Comment by Steve Yen [ 28/Nov/12 ]
Hi Alk, not K/V only -- there are views.
Comment by Aleksey Kondratenko [ 02/Jan/13 ]
May be fixed already by +A 16. Worth being re-tested IMHO.
Comment by Farshid Ghods (Inactive) [ 09/Jan/13 ]
Alk,

windows installation was using +A when this test was ran.
Comment by Aliaksey Artamonau [ 16/Jan/13 ]
Node 147 stuck on waiting for index update on vbucket 272:

[rebalance:debug,2012-11-28T0:44:43.651,ns_1@10.1.3.147:<0.18797.2>:janitor_agent:handle_call:651]Going to wait for persistence of checkpoint 7 in vbucket 272
[ns_server:debug,2012-11-28T0:44:43.729,ns_1@10.1.3.147:janitor_agent-default<0.3997.0>:janitor_agent:handle_info:682]Got done message from subprocess: <0.18797.2> (ok)
[ns_server:debug,2012-11-28T0:44:43.854,ns_1@10.1.3.147:<0.18800.2>:capi_set_view_manager:do_wait_index_updated:608]References to wait: [#Ref<0.0.132.154454>,#Ref<0.0.132.154418>,
                     #Ref<0.0.132.154398>,#Ref<0.0.132.154371>,
                     #Ref<0.0.132.154347>] ("default", 272)

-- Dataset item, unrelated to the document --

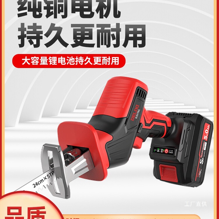 Delixi ブラシレスリチウムイオンソーハンマーソー家庭用小型ハンドヘルド電動ソー充電式伐採 8 極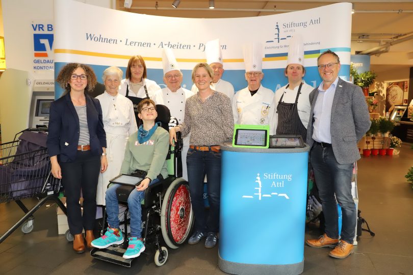 Foto: Hötzelsperger – Spargelschälaktion in Wasserburg zugunsten der Stiftung Attel – v.l. Stellvertretende Marktleiterin Ida Marx, Erika Dumler, Leitung Fachdienst, dem Köche-Quintett Christl Staber, Karl Heinz Kohler, Georg Staber, Bernd Seidel, Vorstand Max Antholzner, Nina Scherer, Fachstelle Unterstützte Kommunikation (Mi.), Franz Hartl, Vorstand Stiftung Attel (re.) und mit Celina Eder im Rolli, Botschafterin Unterstützte Kommunikation.

And corresponding process backtrace:

         {<0.18800.2>,
          [{registered_name,[]},
           {status,waiting},
           {initial_call,{proc_lib,init_p,5}},
           {backtrace,
               [<<"rogram counter: 0x0637b1ec (capi_set_view_manager:'-do_wait_index_updated/4-lc$^0/1-0-'/3 ">>,
                <<"CP: 0x00000000 (invalid)">>,<<"arity = 0">>,<<>>,
                <<"0x0a69a1a8 Return addr 0x0637b100 (capi_set_view_manager:do_wait_index_updated/4 + 440)">>,
                <<"y(0) #Ref<0.0.132.154347>">>,
                <<"y(1) #Ref<0.0.132.154480>">>,
                <<"y(2) #Ref<0.0.132.154479>">>,<<"y(3) []">>,<<>>,
                <<"0x0a69a1bc Return addr 0x017a2da8 (proc_lib:init_p_do_apply/3 + 28)">>,
                <<"y(0) {<0.18799.2>,#Ref<0.0.132.154343>}">>,<<>>,
                <<"0x0a69a1c4 Return addr 0x00b509b4 (<terminate process normally>)">>,
                <<"y(0) Catch 0x017a2db8 (proc_lib:init_p_do_apply/3 + 44)">>,
                <<>>]},
           {error_handler,error_handler},
           {garbage_collection,
               [{min_bin_vheap_size,46368},
                {min_heap_size,233},
                {fullsweep_after,512},
                {minor_gcs,8}]},
           {heap_size,987},
           {total_heap_size,1597},
           {links,[]},
           {memory,6968},
           {message_queue_len,0},
           {reductions,2135},
           {trap_exit,false}]},

Relevant messages in couch_set_view_group are logged with debug level that we deliberately disable for couchdb. So I was not able to deduce anything else. Filipe, could you please take a look?
Comment by Filipe Manana [ 18/Jan/13 ]
Same as MB-7535, can you re-test with build 2.0.1-138+?
It adds more useful logging to help find where the problem is.

thanks
Comment by Andrei Baranouski [ 24/Jan/13 ]
maybe my logs will be useful. but my steps differ, with online upgrade:
1. 2 nodes 1976, 3 diff buckets with 1 ddoc/view in each of them(10.3.3.211, 10.3.3.212)
2. start data loading
3. remove 10.3.3.212, add 2 nodes with 2.0.1-141( 10.3.3.41 & 10.3.3.197) and start rebalance
4. rebalance hangs almost at the beginning and hung over 4 hours. see tap stats during this period
5. then I stopped loading and rebalance progress began to change

https://s3.amazonaws.com/bugdb/jira/MB-7280/10.3.3.211-1242013-537-diag.zip
https://s3.amazonaws.com/bugdb/jira/MB-7280/10.3.3.212-1242013-617-diag.zip
https://s3.amazonaws.com/bugdb/jira/MB-7280/10.3.3.197-1242013-555-diag.zip
https://s3.amazonaws.com/bugdb/jira/MB-7280/10.3.3.41-1242013-553-diag.zip




Comment by Filipe Manana [ 24/Jan/13 ]
Thanks Andrei.

Giving them a quick look, it seems to be a different cause, unrelated to views.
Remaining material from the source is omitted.